PROBLEM DETAILS> Below are the entries. Print only the lines starting at the one with "Aluminiumguss 2-fach Aufputzsteckdose" and ending at the one with "- MULTIFUNCTIONAL AND", exactly, with no pictures.

SOURCE DATA>
※
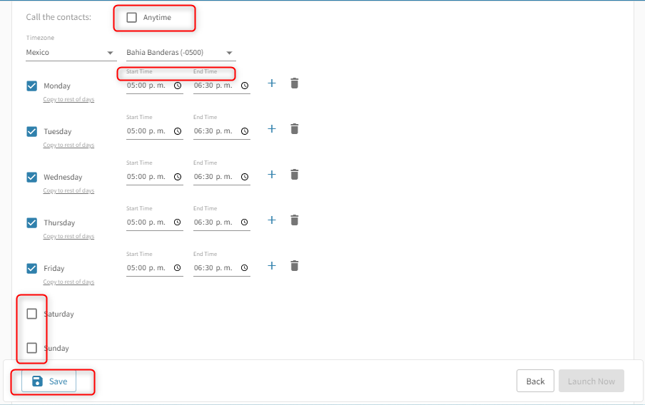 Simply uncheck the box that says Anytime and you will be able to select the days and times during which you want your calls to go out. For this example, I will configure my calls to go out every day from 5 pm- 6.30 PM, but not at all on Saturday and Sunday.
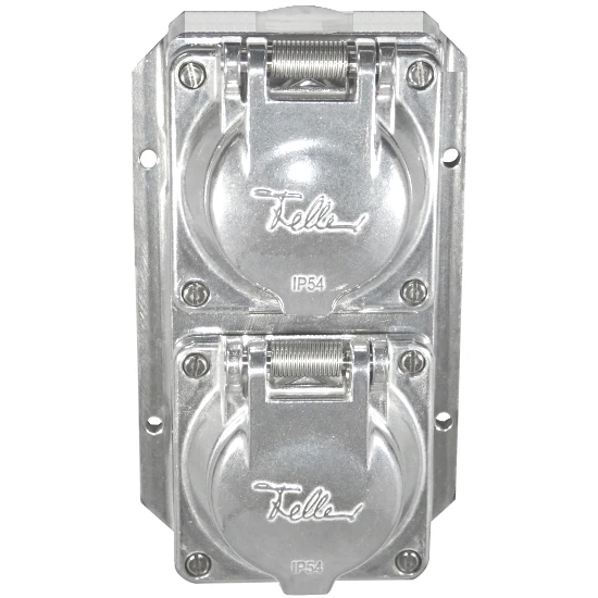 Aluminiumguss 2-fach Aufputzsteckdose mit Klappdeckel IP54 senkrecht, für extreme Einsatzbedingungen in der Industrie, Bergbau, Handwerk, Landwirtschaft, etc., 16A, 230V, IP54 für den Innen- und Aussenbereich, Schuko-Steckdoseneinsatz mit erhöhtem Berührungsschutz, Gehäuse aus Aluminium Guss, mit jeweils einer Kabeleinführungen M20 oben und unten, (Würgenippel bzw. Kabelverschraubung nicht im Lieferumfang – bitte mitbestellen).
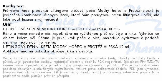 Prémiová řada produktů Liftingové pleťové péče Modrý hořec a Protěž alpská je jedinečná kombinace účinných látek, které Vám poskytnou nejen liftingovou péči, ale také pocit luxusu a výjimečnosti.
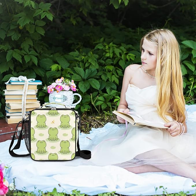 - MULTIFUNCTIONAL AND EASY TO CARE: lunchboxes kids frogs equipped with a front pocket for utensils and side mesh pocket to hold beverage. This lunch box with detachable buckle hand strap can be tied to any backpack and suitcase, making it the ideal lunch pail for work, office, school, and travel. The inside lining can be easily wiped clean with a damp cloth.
※
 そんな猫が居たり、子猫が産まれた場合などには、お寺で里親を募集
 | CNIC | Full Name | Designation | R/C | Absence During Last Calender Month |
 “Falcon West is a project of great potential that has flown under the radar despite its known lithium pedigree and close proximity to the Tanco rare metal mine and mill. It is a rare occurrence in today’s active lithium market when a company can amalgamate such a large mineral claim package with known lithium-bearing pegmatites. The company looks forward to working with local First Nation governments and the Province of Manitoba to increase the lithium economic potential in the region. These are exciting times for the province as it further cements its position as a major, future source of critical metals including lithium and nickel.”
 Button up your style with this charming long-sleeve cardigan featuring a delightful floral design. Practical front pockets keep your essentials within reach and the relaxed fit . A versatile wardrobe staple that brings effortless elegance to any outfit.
※
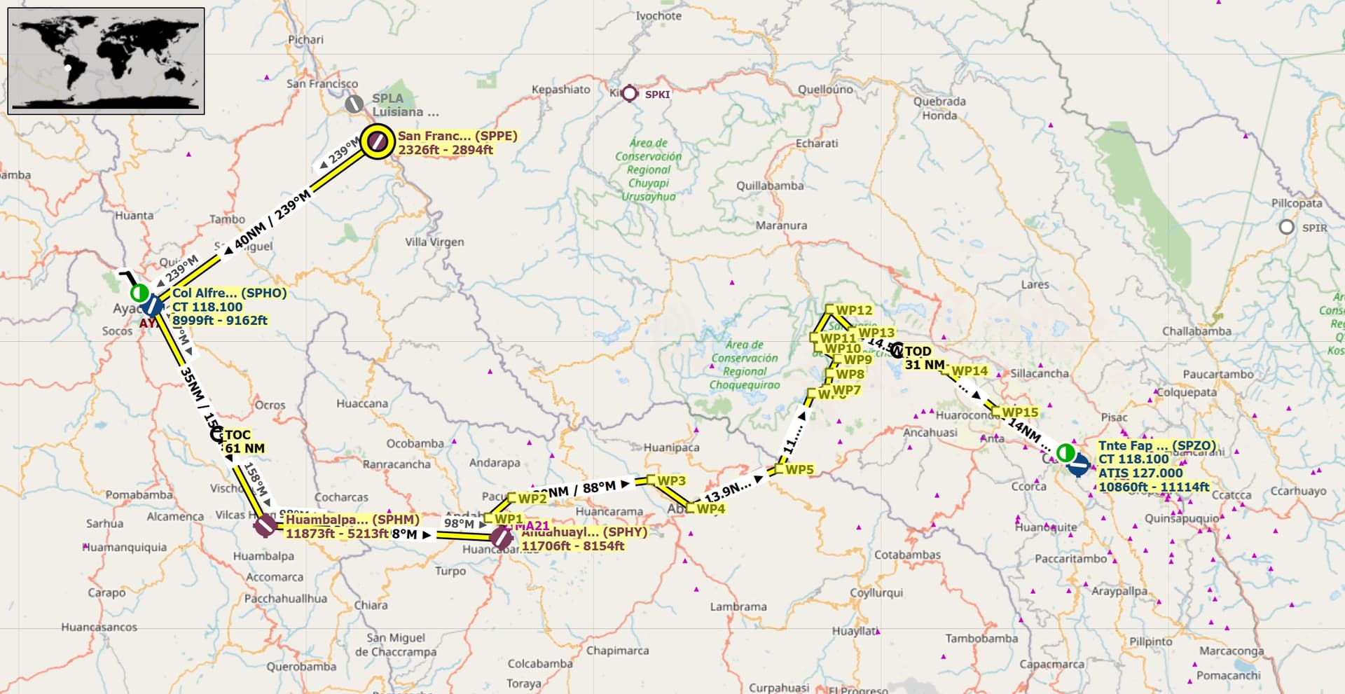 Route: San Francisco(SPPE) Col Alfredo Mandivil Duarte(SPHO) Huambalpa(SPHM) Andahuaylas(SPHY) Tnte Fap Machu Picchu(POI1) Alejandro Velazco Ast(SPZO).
※
ANSWER TO THIS TASK>
 Aluminiumguss 2-fach Aufputzsteckdose mit Klappdeckel IP54 senkrecht, für extreme Einsatzbedingungen in der Industrie, Bergbau, Handwerk, Landwirtschaft, etc., 16A, 230V, IP54 für den Innen- und Aussenbereich, Schuko-Steckdoseneinsatz mit erhöhtem Berührungsschutz, Gehäuse aus Aluminium Guss, mit jeweils einer Kabeleinführungen M20 oben und unten, (Würgenippel bzw. Kabelverschraubung nicht im Lieferumfang – bitte mitbestellen).
 Prémiová řada produktů Liftingové pleťové péče Modrý hořec a Protěž alpská je jedinečná kombinace účinných látek, které Vám poskytnou nejen liftingovou péči, ale také pocit luxusu a výjimečnosti.
 - MULTIFUNCTIONAL AND EASY TO CARE: lunchboxes kids frogs equipped with a front pocket for utensils and side mesh pocket to hold beverage. This lunch box with detachable buckle hand strap can be tied to any backpack and suitcase, making it the ideal lunch pail for work, office, school, and travel. The inside lining can be easily wiped clean with a damp cloth.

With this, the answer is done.